Kubernetes is a leader when it comes to container orchestration. This blog answers why using Kubernetes is essential for your enterprise and a quick introduction to Kubernetes Architecture.
What Is Kubernetes?
Kubernetes is an open-source container orchestration tool that enables administrators to seamlessly deploy, manage and scale containerized apps in a wide variety of production environments. It abstracts the underlying host infrastructure from the application. This way, apps that are decoupled into multiple containers can run as a single unit. The tool handles the entire lifecycle of container apps. It was initially developed by Google to manage large-scale container apps in production environments.

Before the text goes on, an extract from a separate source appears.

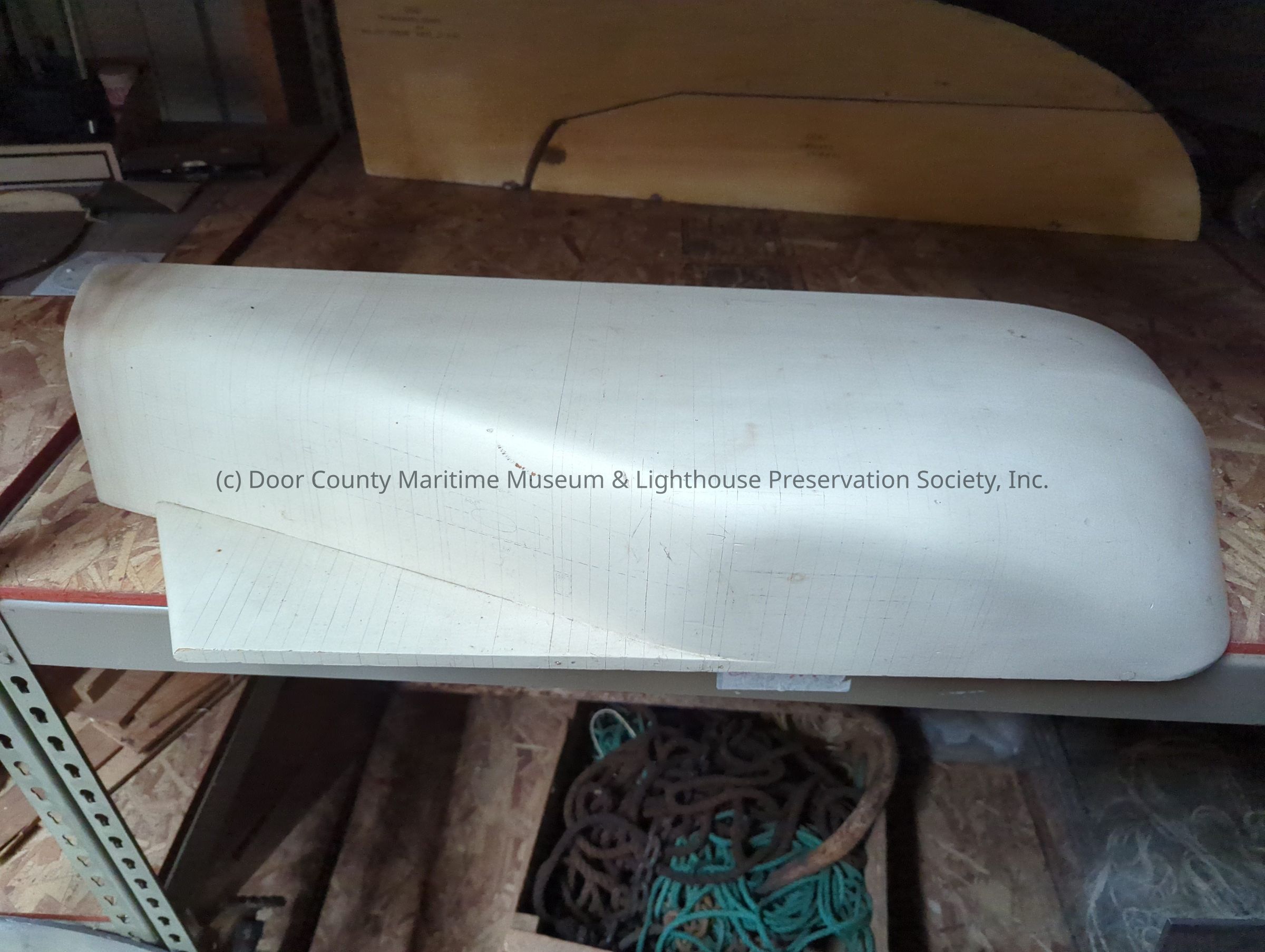 Half model of vessel Jamie A. Baxter. Shell platting. Cream colored with pencil lines. Two silver metal hanging brackets. Back is natural wood

Even though Google donated Kubernetes to the Cloud Native Computing Foundation (CNCF) in 2014, it continues to contribute to the development of Kubernetes actively.
Kubernetes was written in the Go programming language. It works on a wide variety of platforms and cloud deployment models. By organizing apps into a cluster of containers that run on a virtualized host OS, Kubernetes enables businesses to manage IT workloads efficiently. It uses a Master / Worker architecture wherein a master node controls and manages worker nodes that execute container workloads via an API Server.
Before delving deep into why use Kubernetes, it is important to understand what container orchestration is all about.
What Is a Container Orchestration System?
As the name suggests, a container orchestration system orchestrates container management tasks. Be it creating a container, deploying, or terminating it, the container orchestration system powered by a containerization tool manages the entire lifecycle. It enables you to manage a fleet of containerized apps distributed across multiple deployment environments.
For instance, Docker CLI can be used to perform container activities such as starting, running, and terminating containers or pulling and uploading images to the registry. This process works well when there are only a few containers. As the number of containers grows and when they are distributed across multiple systems, it becomes a complex task to manage a fleet of apps from the Docker CLI. This is where a container orchestration tool is required.
A container orchestration system extends the container lifecycle management capabilities to container clusters that are complexly deployed across different environments. The container clusters can be managed as a single logical unit when the underlying host infrastructure is abstracted.
Why Use Kubernetes?
Kubernetes was originally developed by Google and released as open-source in 2014. Today, it is a standard for container orchestration and virtualization management software. All major cloud providers have integrated it with their cloud platform to offer Kubernetes-as-a-Service. Google, along with other partners in the ecosystem, such as IBM, Red Hat, and Intel, is actively supporting the innovation of the tool. The governance model is clear, and the growing ecosystem speaks about the long-term viability of the tool.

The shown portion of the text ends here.